:: Instructions for the task ::
Excluding pictures, reproduce word for word the lines from the one containing "Fantasia Bruxa Morceguinho" through the end of the material below.

:: Available records ::
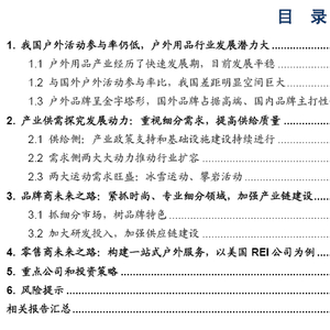 风险提示:户外消费习惯培养不及预期,人均收入水平增长不及预期,品牌培养不及预期。
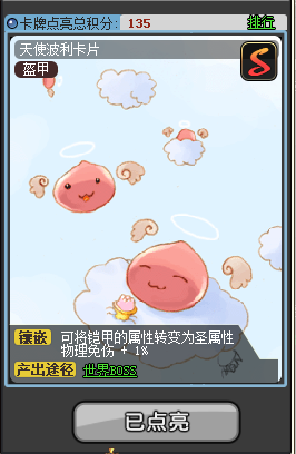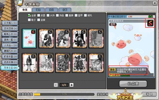 为了满足卡片收集爱好者的需求,研发团队隆重推出卡片收集系统。卡片等级从1星到5星,每收集到一个卡片,此卡片就会被点亮。当页的卡片全部被点亮后,即可点击“领取”获得游戏奖励。(获得相应的炫酷称号哦~),另外细心的童鞋,应该会发现点亮卡片会获得相应的积分,积分有排行榜哦~排行高低不等也会获得不同的奖励哦~
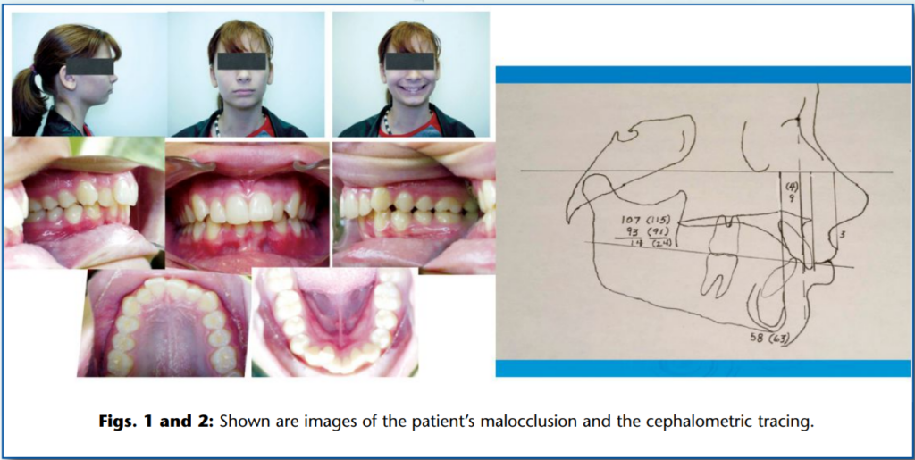 An adolescent female patient (Figs. 1 and 2) presented with a bilateral Class II malocclusion, maxillary and mandibular arch length discrepancies, a midline discrepancy, excessive overjet and overbite, and an excessive A-B discrepancy of 9 mm. I prefer using Natural Head Posture,1 rather than SNA, SNB and the Frankfort Horizontal.2 Still, the maxillary incisor had an ideal position in relation to the A-line,3 and the upper lip had an ideal position and measurement according to Holdaway’s subnasale line,4 while the mandibular incisors were retruded. Clearly, one would not want to retract the maxillary dentition and risk streamlining an otherwise ideal upper lip.
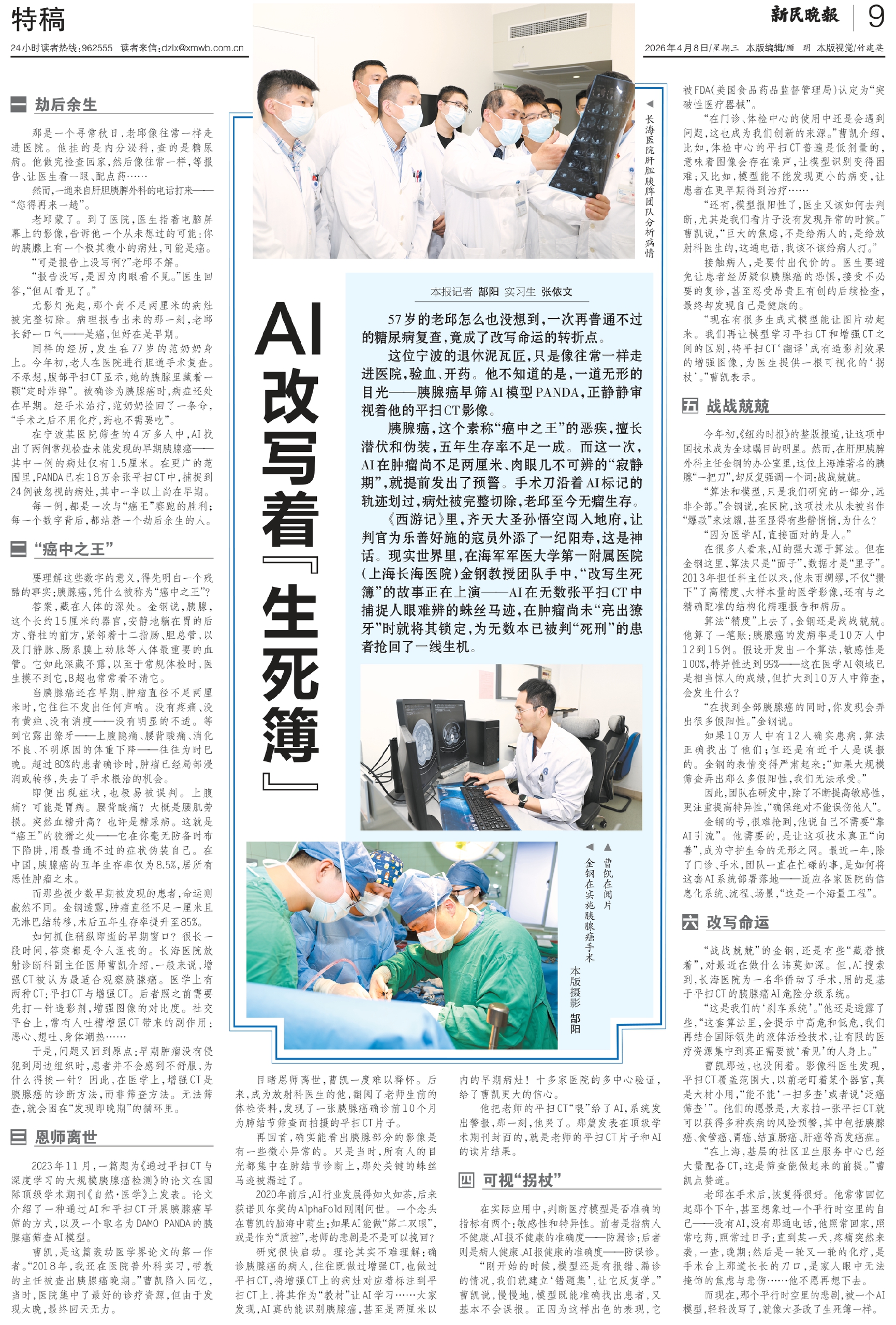 《西游记》里,齐天大圣孙悟空闯入地府,让判官为乐善好施的寇员外添了一纪阳寿,这是神话。现实世界里,在海军军医大学第一附属医院(上海长海医院)金钢教授团队手中,“改写生死簿”的故事正在上演——AI在无数张平扫CT中捕捉人眼难辨的蛛丝马迹,在肿瘤尚未“亮出獠牙”时就将其锁定,为无数本已被判“死刑”的患者抢回了一线生机。
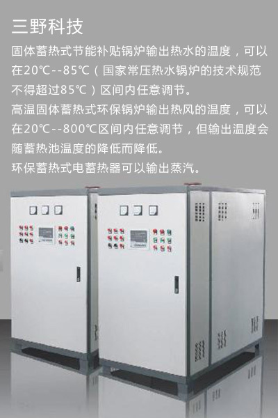 1.蓄热——电能转化为热能蓄能式电锅炉,利用电力公司提供的夜间低谷电,以电热丝或电加热管为加热元件,在夜间将储存在电锅炉内的蓄热介质进行加热,以实现将电能转化为热能的过程。
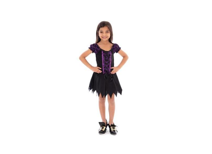 Fantasia Bruxa Morceguinho Infantil, Vestido Halloween Roxo - Fantasia
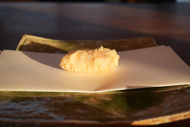 そして何より、くすのき最大の魅力である揚げの技術。ここでの天麩羅は、油を食べさせる料理じゃない。油は主張しない。素材に正確に、そして一気に熱を入れるための手段でしかない。その高温でしか引き出せない甘み、香り、旨味が、最も美しい瞬間で立ち上がる。その精度が、船の上という不安定な環境でも一切揺らがない。この事実こそが、くすのきの凄みである。
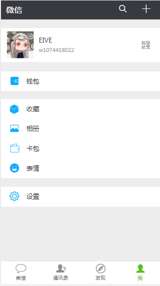 为了更清楚感受BEM的命名方式,我仿制了一下微信的个人页面,其中图标来自Iconfont矢量图标库,图标命名直接使用其原始的命名
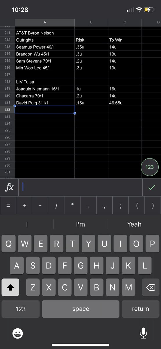 Late posting but Outrights for the Byron Nelson and LIV Tulsa (the blood money got to me). For reference I bet Puig every week just based on the small fields and his pedigree as an Am. It worked out for me with Chacarra in Singapore last year! #FreePicks #GamblingTwitter
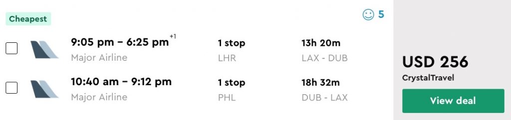 Los Angeles to Dublin, Ireland from $256 round-trip
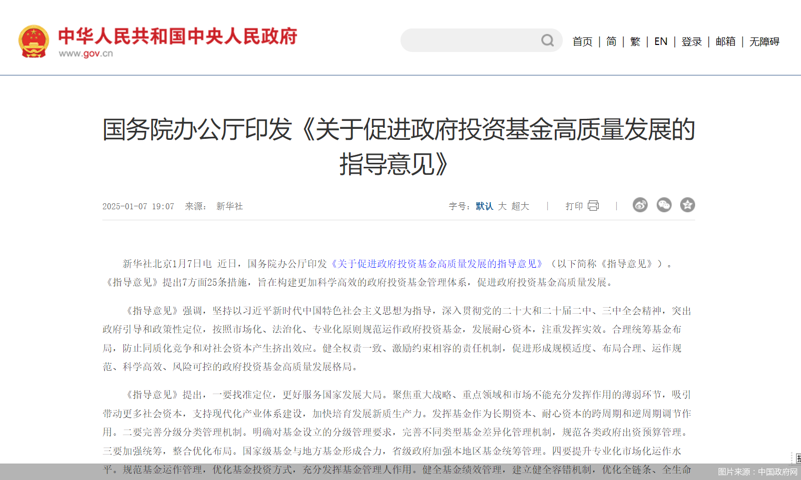 国务院办公厅发布《关于促进政府投资基金高质量发展的指导意见》,提出7方面25条措施,旨在构建科学高效的政府投资基金管理体系,促进政府投资基金高质量发展。

:: Task answer ::
 Fantasia Bruxa Morceguinho Infantil, Vestido Halloween Roxo - Fantasia
 そして何より、くすのき最大の魅力である揚げの技術。ここでの天麩羅は、油を食べさせる料理じゃない。油は主張しない。素材に正確に、そして一気に熱を入れるための手段でしかない。その高温でしか引き出せない甘み、香り、旨味が、最も美しい瞬間で立ち上がる。その精度が、船の上という不安定な環境でも一切揺らがない。この事実こそが、くすのきの凄みである。
 为了更清楚感受BEM的命名方式,我仿制了一下微信的个人页面,其中图标来自Iconfont矢量图标库,图标命名直接使用其原始的命名
 Late posting but Outrights for the Byron Nelson and LIV Tulsa (the blood money got to me). For reference I bet Puig every week just based on the small fields and his pedigree as an Am. It worked out for me with Chacarra in Singapore last year! #FreePicks #GamblingTwitter
 Los Angeles to Dublin, Ireland from $256 round-trip
 国务院办公厅发布《关于促进政府投资基金高质量发展的指导意见》,提出7方面25条措施,旨在构建科学高效的政府投资基金管理体系,促进政府投资基金高质量发展。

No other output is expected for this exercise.